Наша система вознаграждения – способ, которым эволюция поощряет нас делать все, чтобы оставаться сытыми и не испытывать жажды, а также чтобы плодиться. Она порождает в нас желание и удовольствие – и, рано или поздно, насыщения. Без системы вознаграждения мы бы не ощущали радости от роскошного шоколада, глотка воды или оргазма. Но эта же система подталкивает нас думать и действовать по итогам возникших мыслей, преследуя свои цели.
Когда мой сын Алексей учился в девятом классе, я сказал ему, что, занимайся он ежедневно на полчаса больше, получал бы пятерки, а не четверки. Он возразил: «Зачем мне это?» – и вид у него был такой, будто он наконец понял, зачем я хожу к психотерапевту. В тот раз ум Алексея напомнил мне о газонокосилке, которая имелась у нас в доме, когда я был маленький. Если хорошенько дернуть за пусковой шнур, она просыпалась и даже срезала сколько-то травинок, но затем чихала и глохла. Дергать Алексея за пусковой шнур я был волен сколько влезет, но без убедительной мотивации, какая возникает исключительно изнутри, думать мозг Алексея отказывался.
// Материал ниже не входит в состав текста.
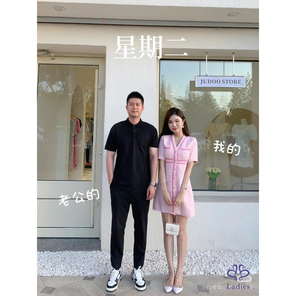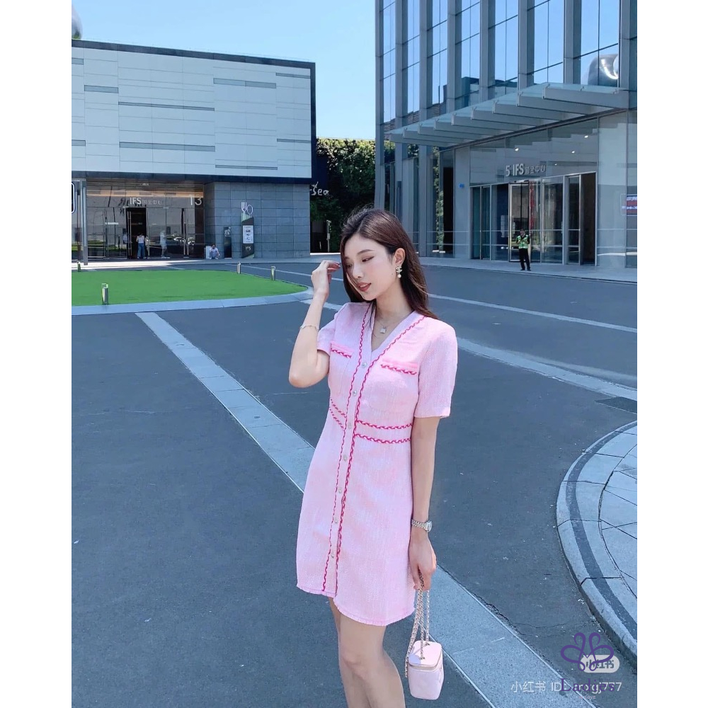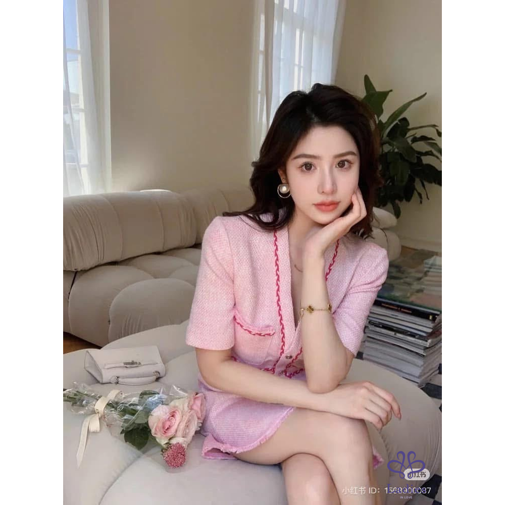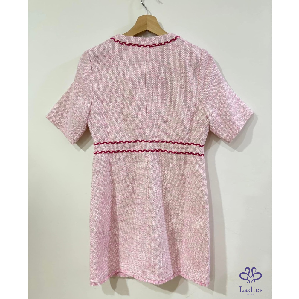 首頁 精品服飾 MAJE 爆款小香風 粉色 粗花呢 洋裝

Сделать так, чтобы компьютер обрабатывал информацию, легко. Для этого его достаточно лишь включить. Но у человеческого мозга кнопка «вкл.» – внутренняя. Как раз система вознаграждения обеспечивает мотивацию, чтобы начать или продолжить мыслительную цепочку. Эта система подключает вашу систему переработки данных к школьным домашним заданиям, совершению покупок, чтению газеты или сбору головоломки. Она направляет ваш мозг к выбору, какие задачи осмыслять, и помогает определить конечную точку, к которой осмысление движется. Как сказала одна ученая-нейробиолог, «нет большей радости у меня в жизни, чем додуматься до идеи, которая хороша. В тот миг, когда она возникает у меня в голове, это приносит громадное удовлетворение, уж такое оно благодатное… Моя [система вознаграждения], надо полагать, слетает с катушек от восторга, когда это происходит»[54].
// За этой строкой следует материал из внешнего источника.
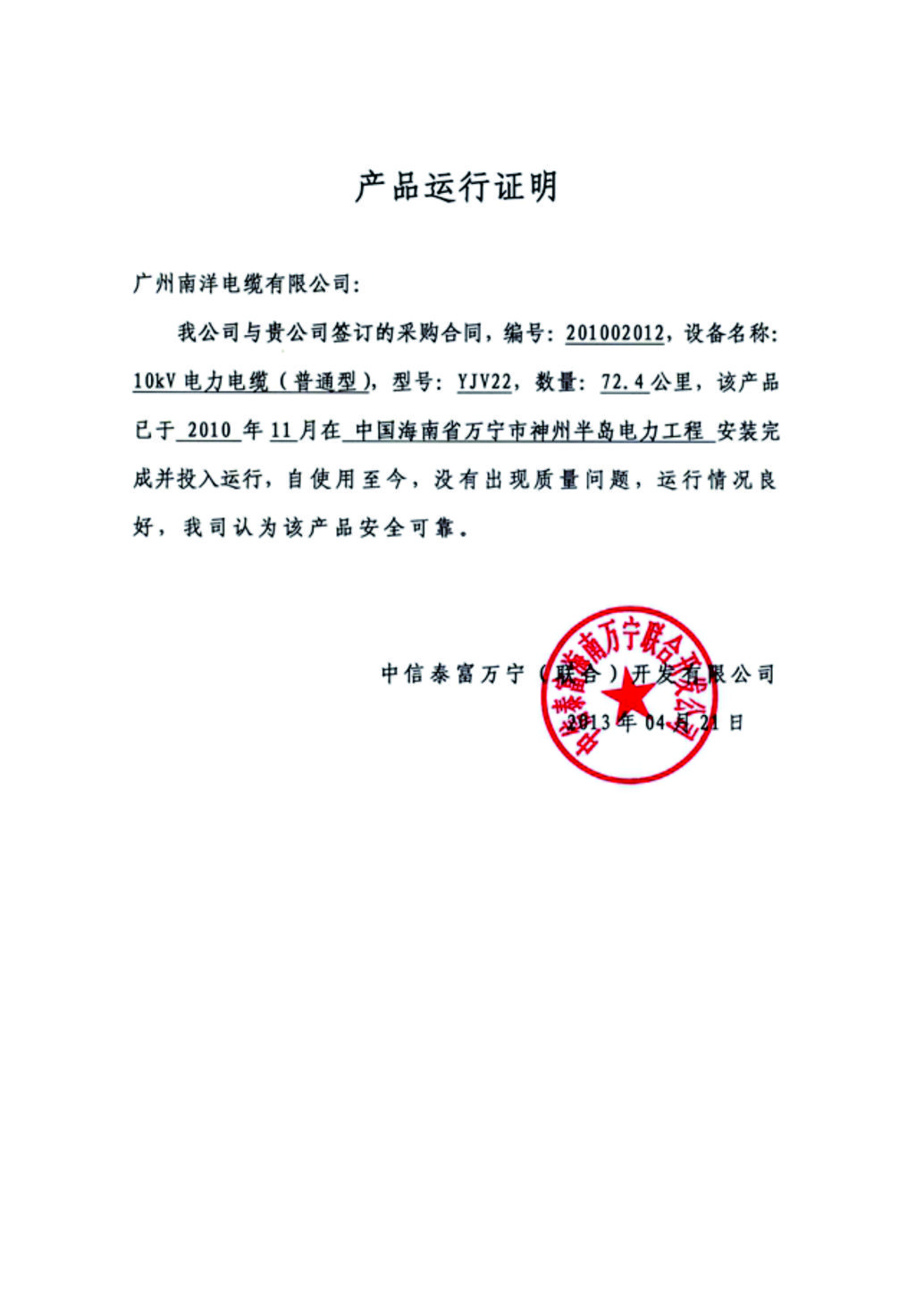 中國海南萬甯神州半島(dǎo)電力工程産(chǎn)品運行證明

Система вознаграждения у Пэт Дарси вдохновляла ее заняться эластичным мышлением, связанным с ее художественными и творческими склонностями. Но подпитка дофамином перевело ее творчество в форсированный режим, отняв возможность остановить эту деятельность.
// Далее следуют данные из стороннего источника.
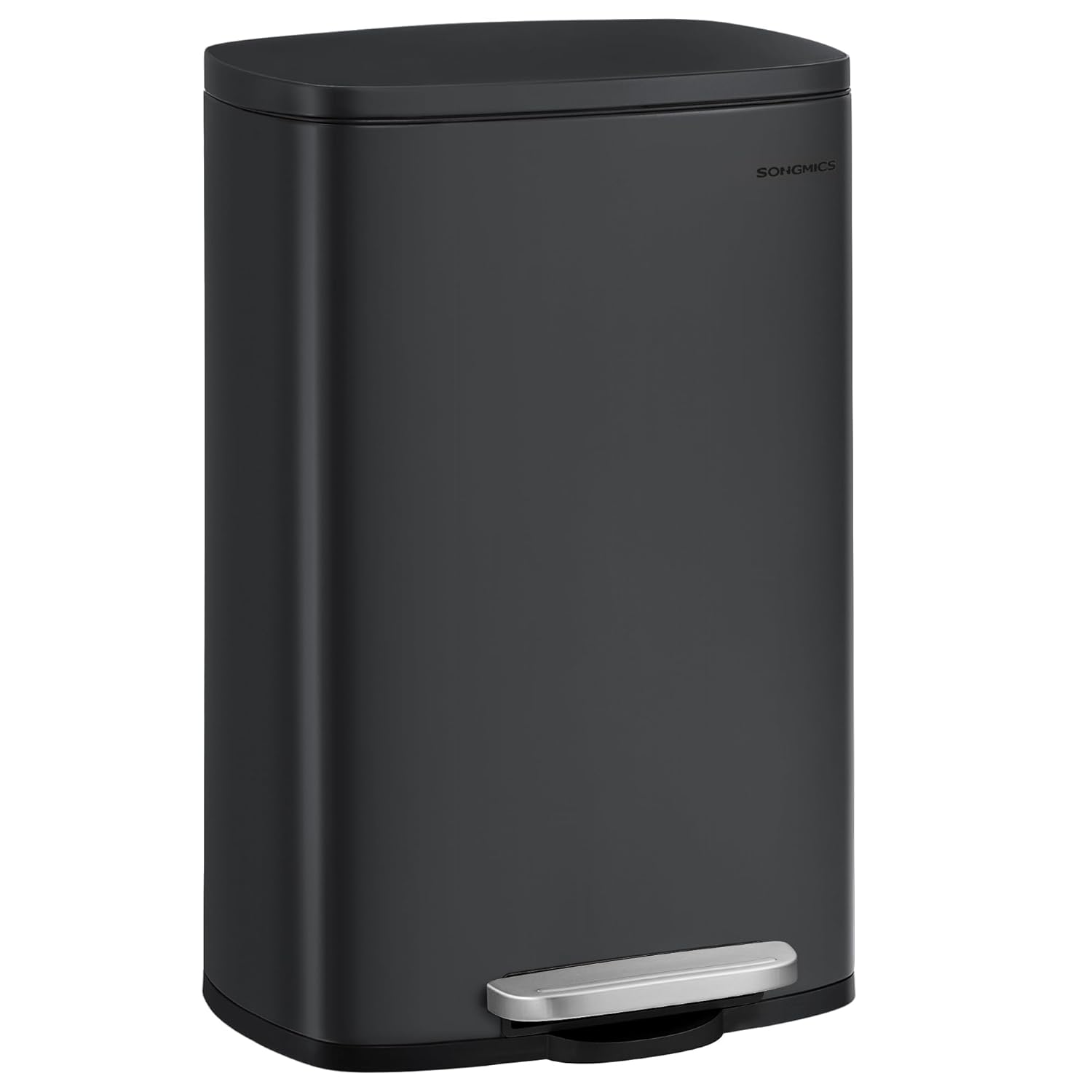 SONGMICS 13 Gallon (50 L) Trash Can, Stainless Steel Kitchen Garbage Can, Recycling or Waste Bin, Soft Close, Step-On Pedal, Removable Inner Bucket, Black ULTB050B01

Из-за того, как это средство подействовало на ее поведение, врачи Дарси в конце концов уменьшили ей дозу. К сожалению, симптомы болезни Паркинсона вернулись, и Дарси перенесла операцию, в ходе которой ей в черепе просверлили маленькое отверстие и ввели туда зонд. Через зонд доставили жидкий азот и таким способом уничтожили точно определенные участки мозга. То, что так можно помочь делу, кажется контринтуитивным, поскольку болезнь происходит из-за смерти клеток, производящих дофамин. Но целью операции не было разбираться впрямую с болезнью: она устраняла симптомы, уничтожая ткань, деятельность которой в нормальном состоянии дофамин подавляет, и которая стала чрезмерно активной. В случае Дарси операция помогла обуздать симптомы болезни, а со снижением дозы лекарства художественные порывы пациентки сделались спокойнее и управляемее. «Мое увлечение вновь стало удовольствием, которое никому не мешает», – сказала она.